The purchase of Machrahanish Air Base last year is a good example of how local communities can run and improve facilities which might otherwise have fallen into disuse. We aim to make it easier for communities to buy land and take over assets.

Following on from the declaration on local decision-making the Government made in Lerwick; and the Borderlands initiative which we launched in Hawick; in Campbeltown I can give a further example of how we are working to empower all parts of Scotland.

At the 2011 election we promised to establish a rural parliament for Scotland. I can confirm today that the Scottish Government will enable the first meeting of that parliament to take place next year.

Scotland’s rural parliament will emulate successful models established in countries such as Sweden, the Netherlands and Hungary. It will provide a forum to ensure that the needs of rural and remote communities are given the importance that they deserve.

It’s one further example of how we can ensure that democracy in Scotland works for communities across the whole of the country.

Ladies and gentlemen, independence is about empowering people and communities as much as it is about empowering institutions.

It offers an opportunity to renew democracy at all levels in Scotland. We can encourage local communities to have more autonomy and self-reliance; we can guarantee the status and rights of local government; we can draft a constitution affirming the most treasured values of our new nation.

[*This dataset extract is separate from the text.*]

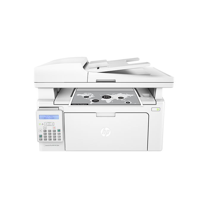 Simplify your setup with the compact LaserJet Pro M130fn All-in-One Monochrome Laser Printer from HP, which packs in printing, scanning, copying, and faxing capabilities in a single unit.
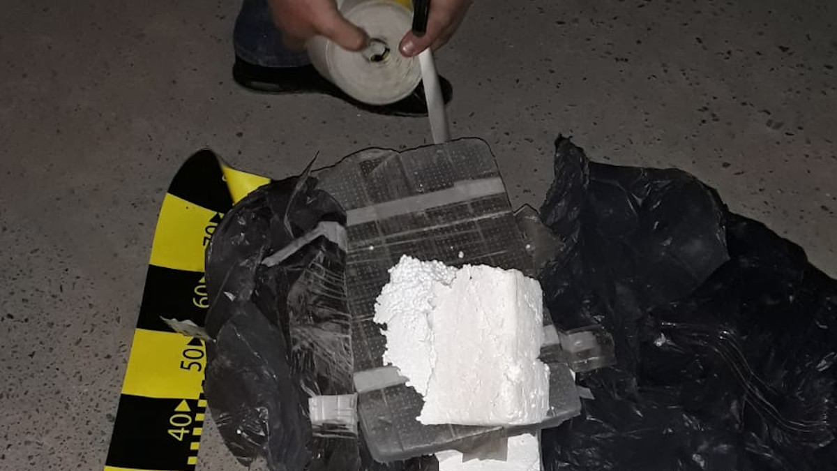În pachetul suspect au fost găsite bucăți de polistiren. FOTO IPJ Tulcea

And together with democratic renewal at home, we can be a confident and responsible international citizen – co-operating with our friends and allies across these islands and around the world.


Background:
During the summer of 2013, the First Minister made 6 major speeches on an independent Scotland’s place in an interdependent world. He put forward the view that Scotland is currently a member of six unions:

  • The political and economic union
  • The social union
  • The currency union
  • The union of the crowns
  • The defence union through NATO
  • The European Union

The Scottish Government wants to become independent from one of these unions – the political and economic union.

The social union will remain, regardless of Government policy, since it rests on ties of history, culture, family and friendship which are not dependent on Governments.

The current Scottish Government will choose, as a matter of policy, to remain in the currency union, the union of the crowns, the defence union and the European Union; and it will use the powers of independence to recast these unions and make them work more effectively for Scotland and Scotland’s neighbours.

The six speeches were made on the following dates -

12 July, 2013 – Nigg Fabrication Yard – introduction to the sequence of speeches
16 July, 2013 - Chief Minister’s Lecture, Isle of Man – Currency Union
25 July, 2013 - Shetland summer cabinet - Defence Union through NATO
21 August, 2013 - Hawick summer cabinet – European Union
28 August, 2013 - Campbeltown summer cabinet – Social Union and Union of the Crowns
2 September, 2013 - Fraserburgh summer cabinet – Independence from the Political and Economic Union

The idea of the six unions was explained in each speech, meaning that there are some overlaps in content between the six speeches. In addition, each of the summer Cabinet speeches began with very specific local references relating to the programme of events around the cabinets themselves. We have therefore published abridged versions of the speeches, focussing on the major theme of each speech.